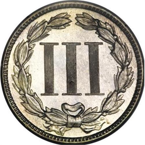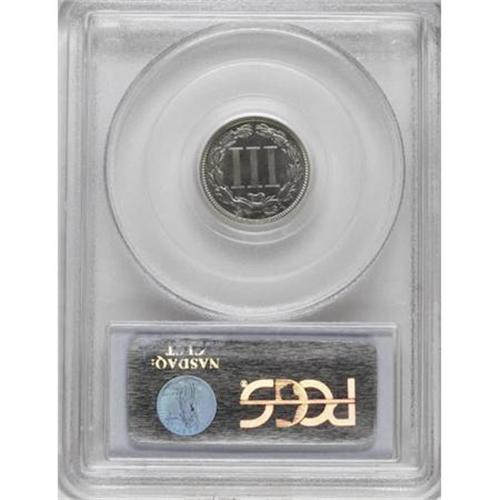 <B>1883 3CN PR67 PCGS.</B></I> This sharply struck specimen displays a thin layer of low-intensity powder-blue, lavender, and beige patina. One tiny fleck in the lower right (facing) reverse quadrant does not detract in the least from the fantastic eye appeal exuded by this coin. Population: 63 in 67, 4 finer (1/08).<BR><BR><B>Coin Engraver:</B> James B. Longacre<BR><BR><b>Shipping:</b> Coins & Currency (<a target="_blank" href="http://www.heritageauctions.com/common/shipping.php">view shipping information</a>)
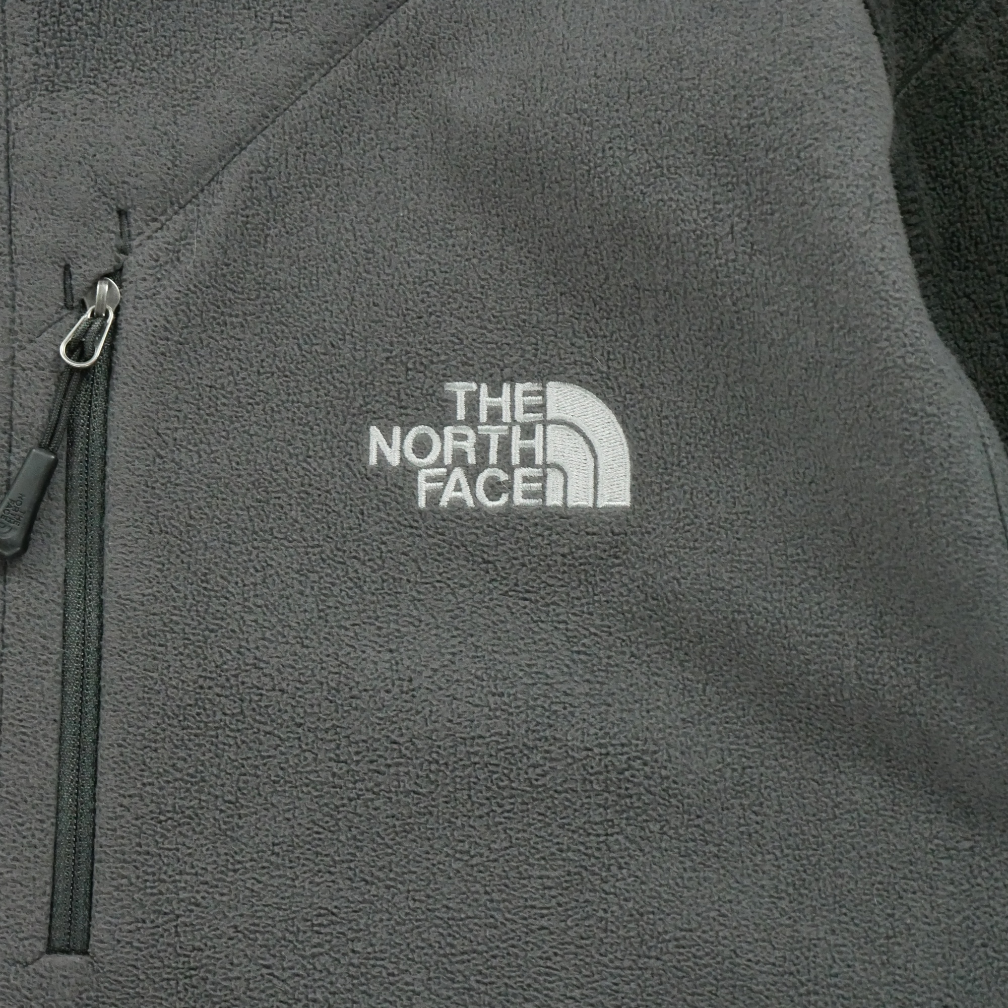 Cette veste polaire WindWall pour homme de la marque The North Face en taille XL, de couleur gris, est discrète et élégante, avec son design épuré et ses finitions soignées.
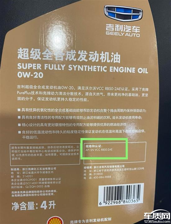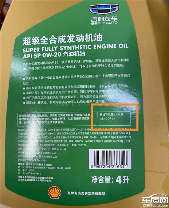 机油不符合用户用车手册中写明机油必须使用有沃尔沃认证的机油,没有沃尔沃认证的APISNVCCRB50-2AE标识,沃尔沃认证机油的高温高剪必须满足等于2.75到2.9的范围之内。新的FG6-A的认证机油第一个没有沃尔沃认证的标识,也经过实验高温高剪也达不到沃尔高温高剪等于或者高于2.75以上的沃尔沃认证,属于销售欺诈行为。与用户手册不符合。吉利汽车承诺送的4年或者12万公里保养属于不兑现承诺,用不符合用户手册的机油来欺骗消费者权益。
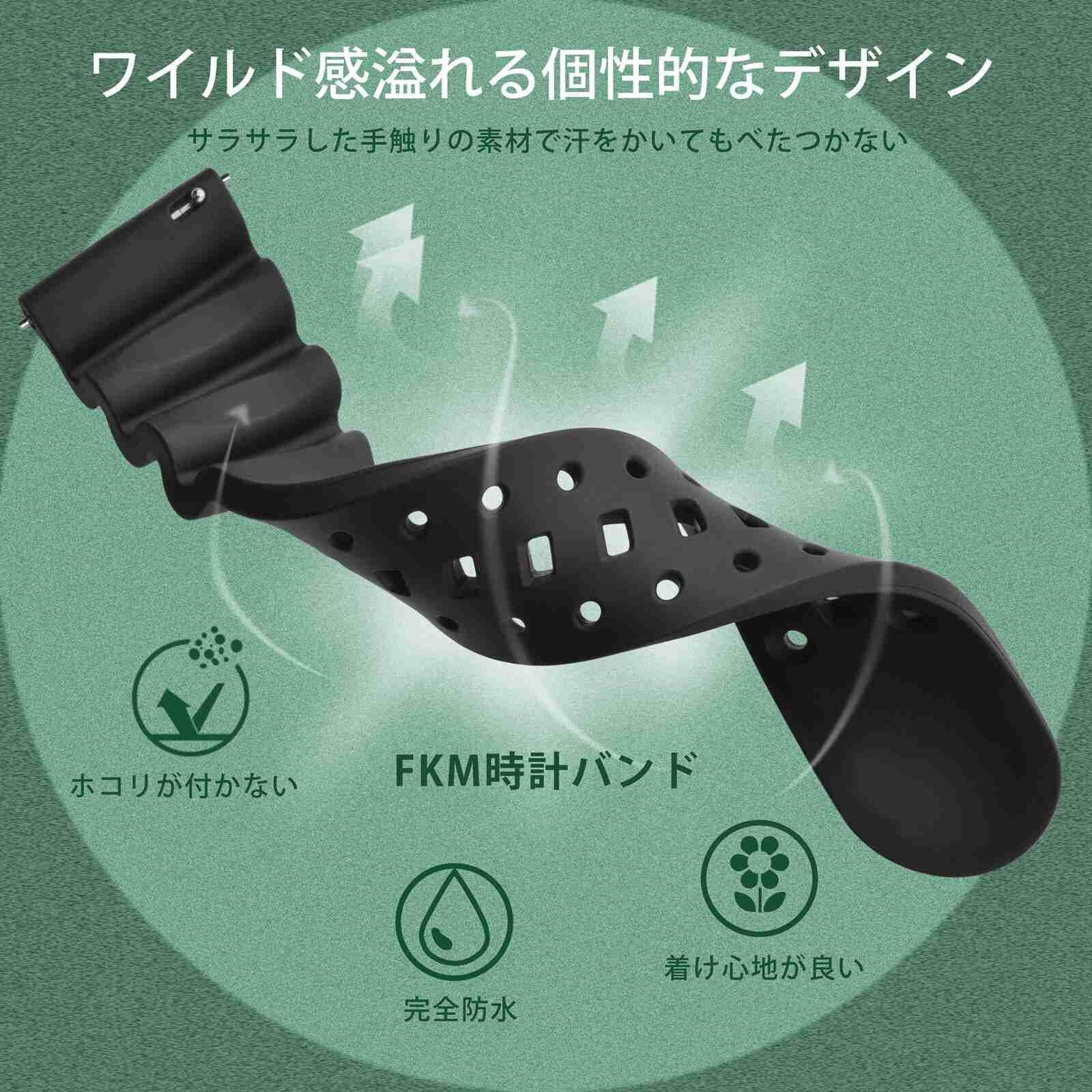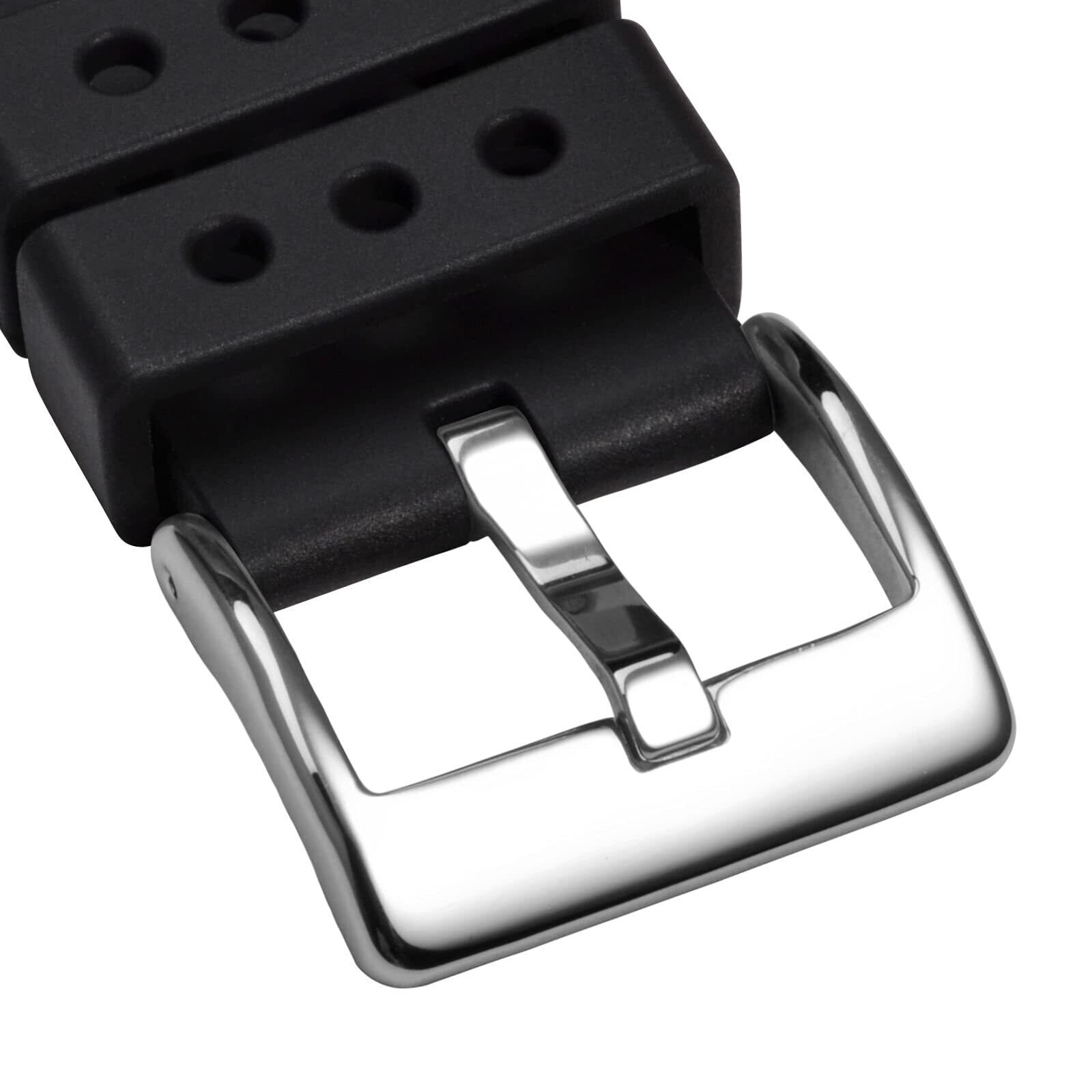 [WOCCI]フッ素ゴム時計ベルト20mm FKM高級腕時計シリコンバンド イージークリック付き ブラック/シルバーバックル

######

WHAT IS NEEDED:
Only an exact copy of the lines from the one with "Cette veste polaire" through the last line of the listing should be given; pictures must not be included.

WORKED SOLUTION:
 Cette veste polaire WindWall pour homme de la marque The North Face en taille XL, de couleur gris, est discrète et élégante, avec son design épuré et ses finitions soignées.
 机油不符合用户用车手册中写明机油必须使用有沃尔沃认证的机油,没有沃尔沃认证的APISNVCCRB50-2AE标识,沃尔沃认证机油的高温高剪必须满足等于2.75到2.9的范围之内。新的FG6-A的认证机油第一个没有沃尔沃认证的标识,也经过实验高温高剪也达不到沃尔高温高剪等于或者高于2.75以上的沃尔沃认证,属于销售欺诈行为。与用户手册不符合。吉利汽车承诺送的4年或者12万公里保养属于不兑现承诺,用不符合用户手册的机油来欺骗消费者权益。
 [WOCCI]フッ素ゴム時計ベルト20mm FKM高級腕時計シリコンバンド イージークリック付き ブラック/シルバーバックル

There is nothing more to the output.